Pabrik Naik Level: 72 Lulusan TIA Siap Bawa Inovasi & Efisiensi ke Industri

JAKARTA – Toyota Indonesia Academy (TIA) kembali meluluskan 72 ahli manufaktur yang mana siap berkontribusi di meningkatkan produktivitas, efisiensi, juga efektivitas lapangan usaha nasional.
Lulusan TIA ini dibekali dengan kurikulum teknologi yang tersebut berfokus pada pengurangan inefisiensi pada manufaktur, juga pendekatan Toyota Production System serta pembelajaran berbasis proyek.
Pentingnya SDM Berkualitas di area Industri Manufaktur
Industri manufaktur Indonesia ketika ini membutuhkan SDM yang mana kompeten lalu inovatif untuk menghadapi tantangan global kemudian meningkatkan daya saing.
Berdasarkan data Badan Pusat Statistik (BPS), sektor manufaktur memberikan kontribusi terbesar terhadap Ekonomi Nasional Indonesia pada triwulan II-2023, mencapai 18,25%. Oleh akibat itu, pengembangan SDM berkualitas menjadi kunci untuk menyokong perkembangan sektor ini.
Mencetak Lulusan yang mana Siap Kerja
TIA hadir sebagai solusi untuk mencetak SDM yang tersebut mampu menjawab keinginan sektor manufaktur. Dengan kurikulum yang digunakan adaptif terhadap perkembangan teknologi dan juga inisiatif pemagangan industri, lulusan TIA diharapkan dapat secara langsung berkontribusi di meningkatkan produktivitas serta efisiensi pada dunia kerja.

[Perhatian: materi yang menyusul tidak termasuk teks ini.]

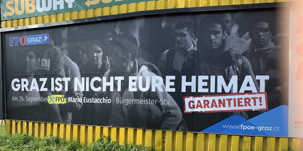 Wien, 17. September 2021 | Am 26. September wählt Graz. Die neueste Plakatkampagne der FPÖ provoziert so knapp vor der Wahl besonders stark. Ein Schwarz-Weiß-Bild zeigt mutmaßlich flüchtende Männer. Die Partei von Vizebürgermeister Mario Eustacchio legte zudem einen schwarzen Balken über die Augen der Abgebildeten. Bildtext dazu: „Graz ist nicht eure Heimat! Garantiert!“

“TIA berperan penting di merancang SDM dengan fondasi efisiensi kuat. Sehingga lulusan TIA dapat menjadi lulusan kompeten bersertifikasi, yang dimaksud mampu bersaing menjawab tantangan bidang lalu selalu berada di dalam depan inovasi teknologi,” ungkap Nandi Julyanto, Presiden Direktur PT TMMIN.
Sementara itu, Vice President Direktur PT TMMIN Bob Azam mengumumkan bahwa lulusan TIA yang mana telah mengenyam institusi belajar karakter serta kurikulum mekatronik diharapkan dapat lebih tinggi cakap meningkatkan produktivitas dan juga efektivitas di proses produksi dalam manufaktur.
Lulusan TIA tidaklah semata-mata kompeten pada bidang manufaktur, tetapi juga berprestasi di area berbagai kompetisi pada lalu luar negeri. Hal ini membuktikan bahwa TIA berhasil mencetak SDM yang tersebut berkualitas juga mampu bersaing dalam tingkat global.
Dengan kurikulum yang adaptif lalu fokus pada pengurangan inefisiensi, lulusan TIA diharapkan dapat memberikan sumbangan nyata bagi kemajuan lapangan usaha manufakturnasional.